Role of Erb1-R470 and Ytm1-D104 in ribosome biogenesis

Based on the crystal structure, we sought to introduce reverse charge point mutations in Erb1 and Ytm1 to abolish interaction between the highly conserved Erb1-R470 and Ytm1-D104 pair (R486 and D112 in the Ct orthologs, respectively) and analyse their growth at different temperatures in an erb1Δ or ytm1Δ shuffle strain, respectively (Figure 3A and Supplementary Figure S2E). Although Erb1-R470E could complement the erb1Δ strain at 30°C, growth was impaired slightly at 23°C and strongly at 37°C. The Ytm1-D104R mutant showed strongly reduced growth at 37°C, suggesting that in both cases the interaction has been compromised but not fully abolished.

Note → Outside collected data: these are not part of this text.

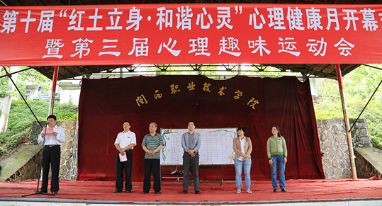 5月6日下午,我院第十届“红土立身·和谐心灵”心理健康月开幕式暨第三届心理健康趣味运动会在槟龙球场顺利举行。副院长吴新业,学工处相关负责人及200多名学生等出席了开幕式。开幕式由学生工作处处长林茂才主持。
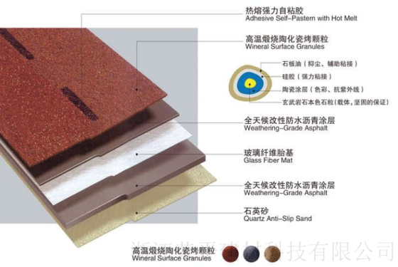 ¡¤²ÊÉ«¡¢´É¿¾¿ÅÁ£--- ±£»¤Á¤Çà±í²ãÃâÊÜÑô¹âÖ±É䣬ʹÁ¤Ç಻Ò×ÀÏ»¯£¬²»ÊÜ·çÓêÇÖÊ´£¬²¢·á¸»²úÆ·µÄÉ«²Ê£¬ÔöÇ¿ÎÝÃæµÄÃÀ¹Û£¬¶øÇÒÌṩÁ¼ºÃµÄ·À»ðÐÔÄÜ¡£ ¡¤È«Ììºò¸ÄÐÔ·ÀË®Á¤ÇàÍ¿²ã--- ÄÜʹ¶à²Ê²£ÏËÍß³¤Ê±¼äµØµÖÓù·çÓêÇÖÊ´£¬±£»¤ÎÝÃæ²»Êܳ±ÊªÓ°Ï죬²¢ÔÚÑϺ®¿áÊîÖÐÒ²Äܱ£³Ö²úÆ·ÐÔÄÜ¡£ ¡¤²£Á§ÏËά̥»ù---²»½öʹ²úÆ·¾ßÓгöÉ«µÄ·ÀË®ÐÔÄÜ£¬¼´Ê¹ÍßÃæÔâµ½ÆÆ»µ£¬¶à²Ê²£ÏËÍßÒ²Äܱ£³Ö·ÀË®ÐÔÄÜ£¬¶øÇÒʹÄͺòÄÜÁ¦ºÍ·À»ðÐÔÄܵõ½×î´óÓÅ»¯£¬Áî²úÆ·¸ü¼Ó¼áÈÍÄÍÓã¬ÒÔ¼õÇá²úÆ·ÔÚÉú²ú£¬ÔËÊ䣬ʩ¹¤ºÍʹÓÃʱ·¢ÉúµÄË𻵡£ ¡¤ÈÈÈÛ×Ô𤽺---ÓöÈÈ×Ô¶¯¼¤»î£¬Ê¹¶à²Ê²£ÏËÍߺÍÏÂÒ»²ãµÄ¶à²Ê²£ÏËÍßÀι̵ØÕ³½áÔÚÒ»Æð£¬Á¬³ÉÒ»Ì壬±£Ö¤ÁËÎÝÃæµÄÕûÌåÐÔ£¬Ãܲ»Í¸Ë®¡£
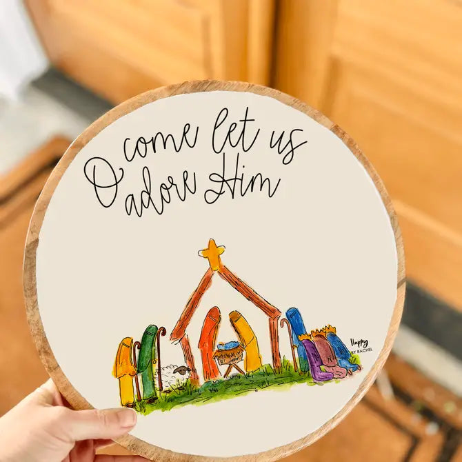 A wood and enamel trinket tray-measuring 12"-features Christmas artwork by Rachel Walker. Mango wood. Perfect for your home! Food Safe & Handwash Only.

To find out whether these growth defects are caused by an altered ribosome assembly pathway, we performed polysome gradient analysis. This revealed that wild-type Ytm1 and Erb1 co-sediment with pre-60S particles (Figure 3B), but the viable Ytm1-D104R and Erb1-R470E mutants exhibited different profiles, as we observed the occurrence of half-mers in both strains (indicated by arrows in Figure 3B) indicative of defects in 60S maturation. Although Erb1-R470E remained stably ribosome associated as in the wild-type, Ytm1-D104R was almost entirely shifted to the soluble fraction. While the gradient analysis shows a shift to the soluble fraction of the Ytm1-D104R mutant, affinity purification still showed co-purification of pre-ribosomes with a large excess of free Ytm1-D104R. However compared to the wild-type and Erb1-R470E, these particles had a slightly different composition. These data suggest that Erb1 itself is strongly associated with the pre-ribosome and provides the primary, but not the sole, recruiting point of Ytm1. In addition, affinity purification of Erb1-R470E showed strongly reduced levels of Ytm1 (Figure 3C). Together, this indicates that the interaction to Erb1 has been impaired, and highlights the importance of Erb1 and Ytm1 in ribosome biogenesis.

Figure 3.

Figure 3.

Characterization of the conserved Erb1-R470/Ytm1-D104 salt bridge. (A) Disruption of the conserved salt bridge between Erb1 and Ytm1 leads to strong temperature sensitive (ts) phenotypes at 37°C. Growth analysis of ERB1 wt and erb1-R470E as well as YTM1 wt and ytm1-D104R. Constructs were transformed into Erb1 and Ytm1 shuffle strains, respectively, and selected on SDC+FOA plates. Strains were spotted in 10-fold serial dilution on YPD plates and incubated for 2 days at the indicated temperatures. (B) Ribosome profile analysis of the N-terminal TAP-Flag tagged (ProteinA-TEVsite-CBP-Flag) erb1-R470E and the ytm1-D104R mutants and comparison with the respective wt alleles. Half-mers in the 80S and polysome fractions are indicated with arrows. (C) Tandem affinity purification of the N-terminal TAP-Flag tagged Erb1 wt and R470E mutant in comparison with Ytm1 wt and the D104R mutant. Final eluates were analysed by SDS-PAGE and Coomassie staining or western blotting with the indicated antibodies. Bait proteins are marked with an asterisk.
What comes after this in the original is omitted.